It is obvious that the taxpayer in this instance, in embezzling
the $12,748.60, received the money without any semblance of a
bona fide claim of right. And he was at all times under an
unqualified duty and obligation to repay the money to his employer.
Under Nevada law, the crime of embezzlement was complete whenever
an appropriation
Page 327 U. S. 409
was made; [
Footnote 4] the
employer was entitled to replevy the money as soon as it was
appropriated, [
Footnote 5] or
to have it summarily restored by a magistrate. [
Footnote 6] The employer, moreover, at all times
held the taxpayer liable to return the full amount. The
debtor-creditor relationship was definite and unconditional. All
right, title, and interest in the money rested with the employer.

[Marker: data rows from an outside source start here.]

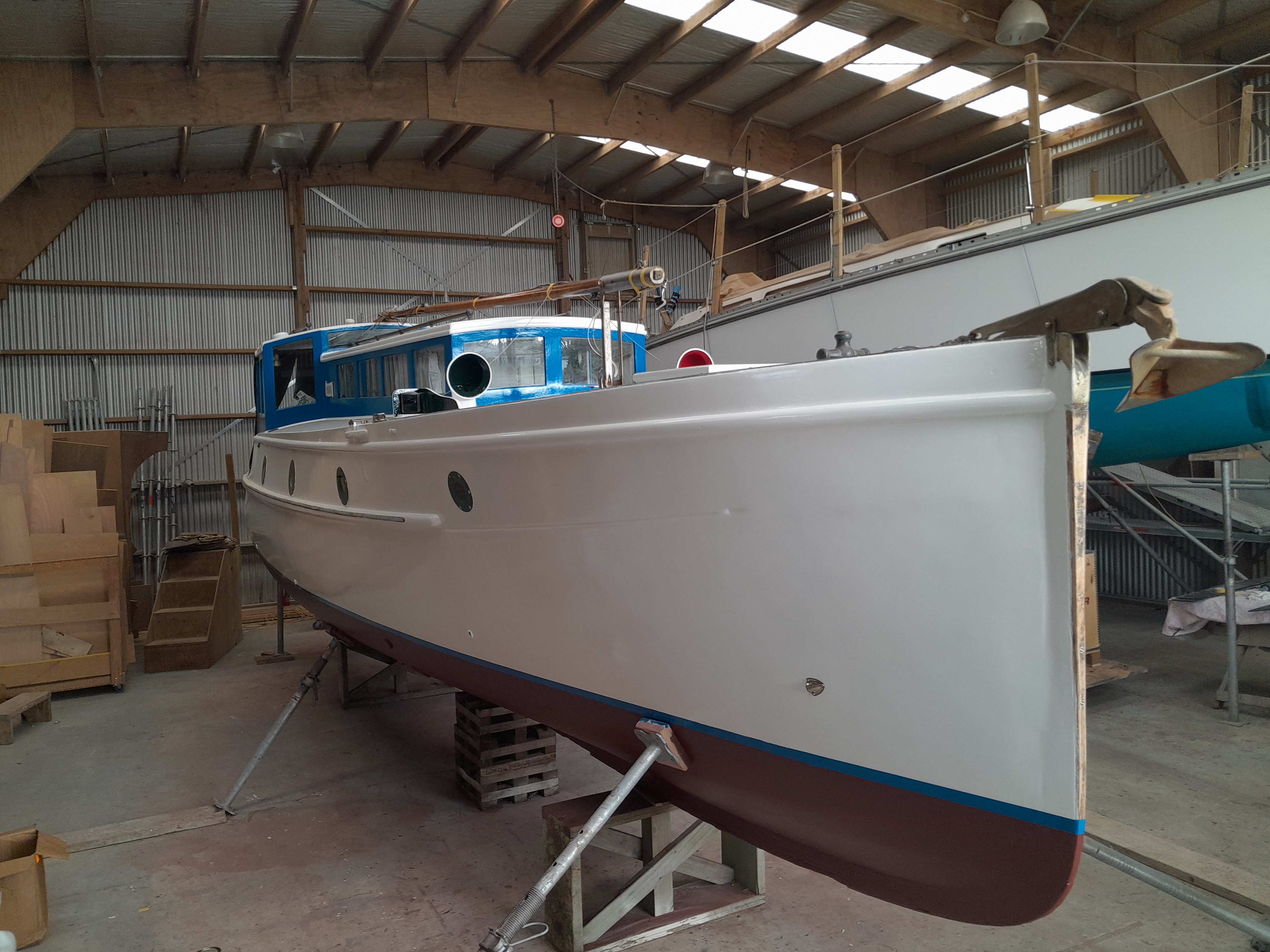 The 30’ 1914 Lane Motor Boat Co.designed and built launch Mapu has just emerged from the Blair Boats yard in Oromahoe, Harare (Far North) after a some TLC.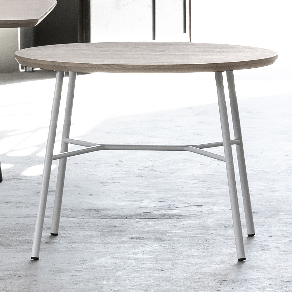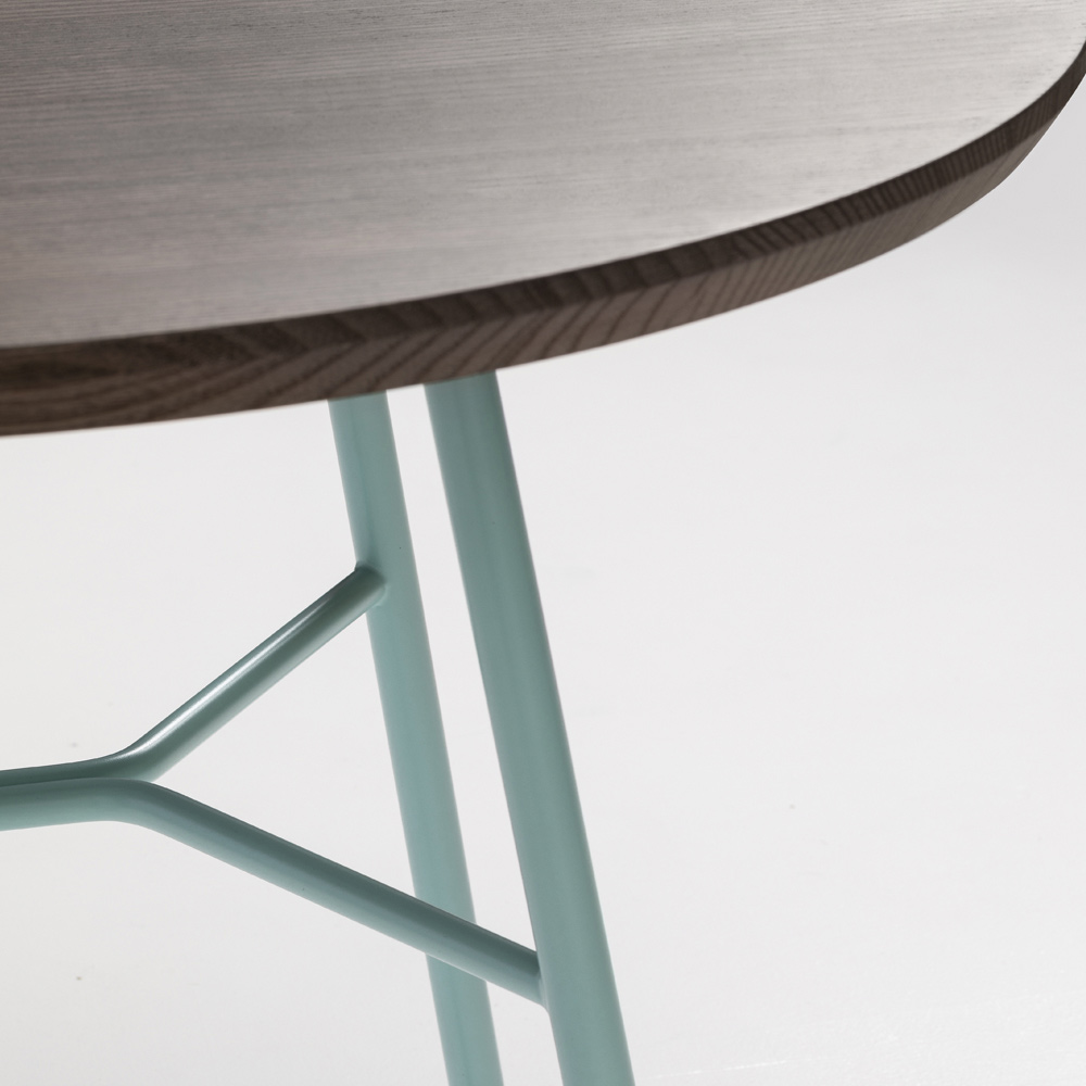 Coffee table entirely made in Italy with round solid wood top and painted metal structure . A piece of furniture that expresses through its simple and minimal shapes all the elegance and majesty of solid wood and the modernity of the metal base, creating a perfect combination of styles and giving life to a furnishing solution capable of conquering the center. of attention thanks to its contemporary personality and its eclectic character . An original and versatile piece of furniture that arises from the need to furnish in an exclusive and refined way domestic living areas but also lounge areas in hotels and contract environments such as bars and restaurants.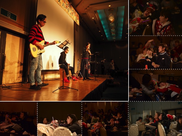 最後は、医療的ケアのある児の2家族でバンドを結成して活動されている「ムジグル」さんのミニクリスマスコンサートを行い、心にしみる歌声と演奏にうっとり聞き惚れ、最後はペンライトをかざしながら全員できよしこのよるを歌ってお別れしました。参加者からのアンケートでも、「普段外出しにくい中、家族でクリスマス気分を味わえた」「家族で楽しく思い出に残るクリスマスを過ごせた」「子どもも大人も楽しく美味しく過ごせた」など、参加者全員が楽しめるクリスマス会にすることができたと思います。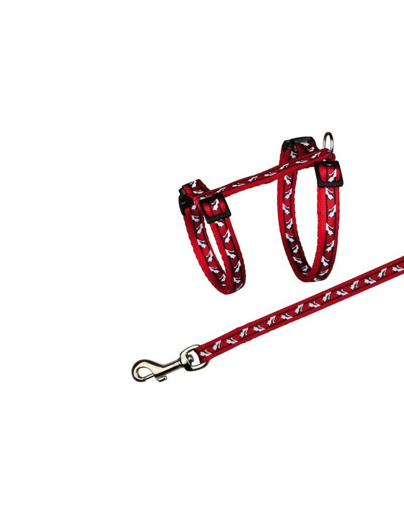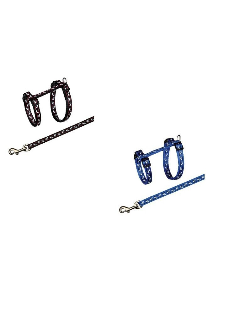 Zestaw składa się z szelek oraz smyczy z nylonu z gustownym wzorem w kotki.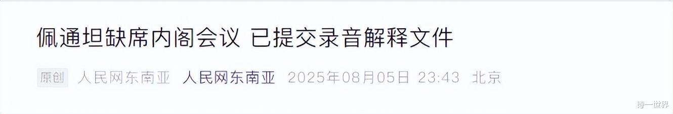 然而不到24小时,就是8月5日,佩通坦虽然总理被停职,但还可以且应以“部长身份”参加内阁会议,然而她缺席了,更为令人感到震惊的是,佩通坦团队并未就其缺席内阁会议的具体去向作出公开说明,就连总理随行人员面对媒体也三缄其口。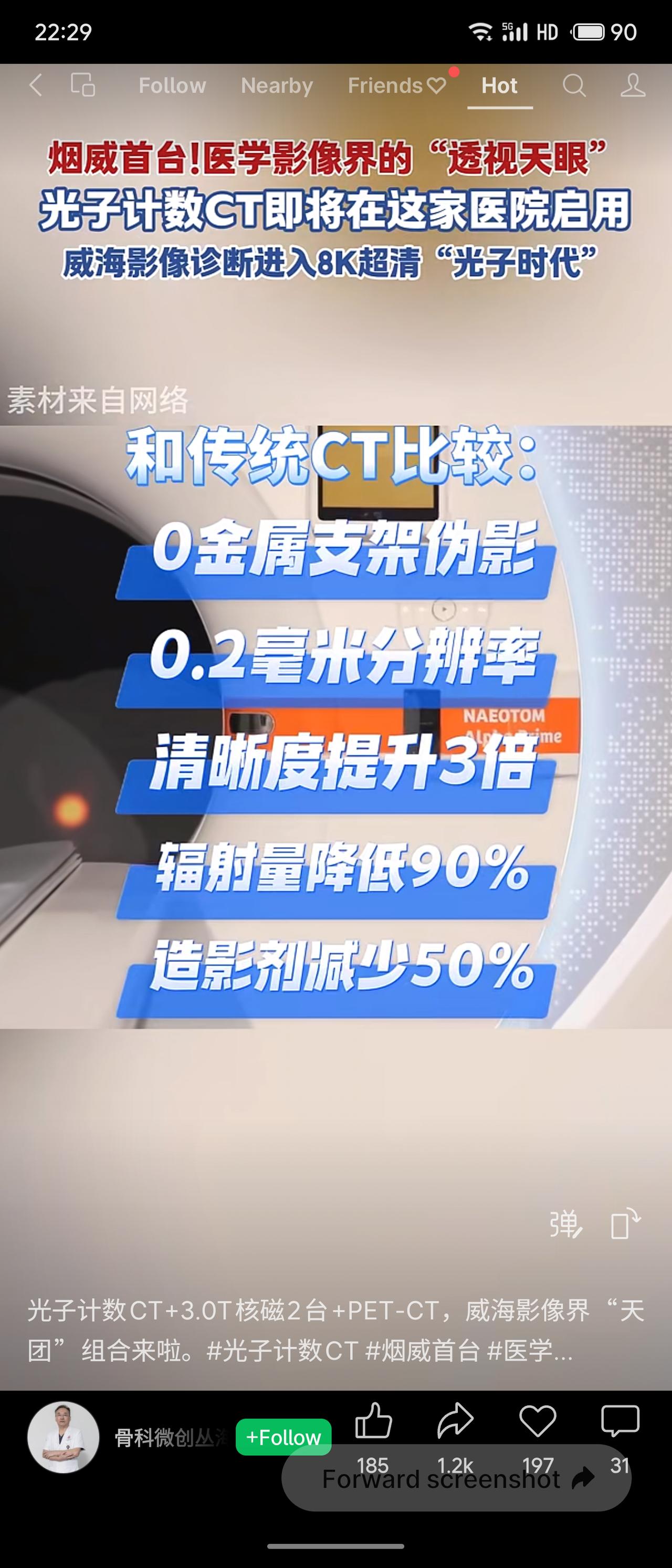 烟威首台光子计数CT即将在威海启用,被誉为医学影像界的“透视天眼”,标志当地诊断进入8K超清“光子时代”。该技术辐射量仅为传统CT的十分之一,造影剂减半,分辨率达0.2毫米,清晰度提升3倍,且无金属支架伪影。作为全省第三家引进单位,这台设备将为患者带来更精准、低损的检查体验。

The taxpayer thus received no taxable income from the
embezzlement.
This conclusion is unaltered by the fact that the taxpayer
subsequently dissipated all of the embezzled funds in gambling
houses. The loss or dissipation of money cannot create taxable
income here any more than the insolvency or bankruptcy of an
ordinary borrower causes the loans to be treated as taxable income
to the borrower.
See McKnight v. Commissioner, 127 F.2d
572, 573, 574. In each instance, the taxability is determined from
the circumstance surrounding the receipt and holding of the money,
rather than by the disastrous use to which it is put. Likewise, the
fact that a theft or loan may give rise to a deductible loss to the
owner of the money does not create income to the embezzler or the
borrower. Such deductions, lacking any necessarily corresponding
relationship to gains and being a matter of legislative grace, fail
to demonstrate the existence of taxable income.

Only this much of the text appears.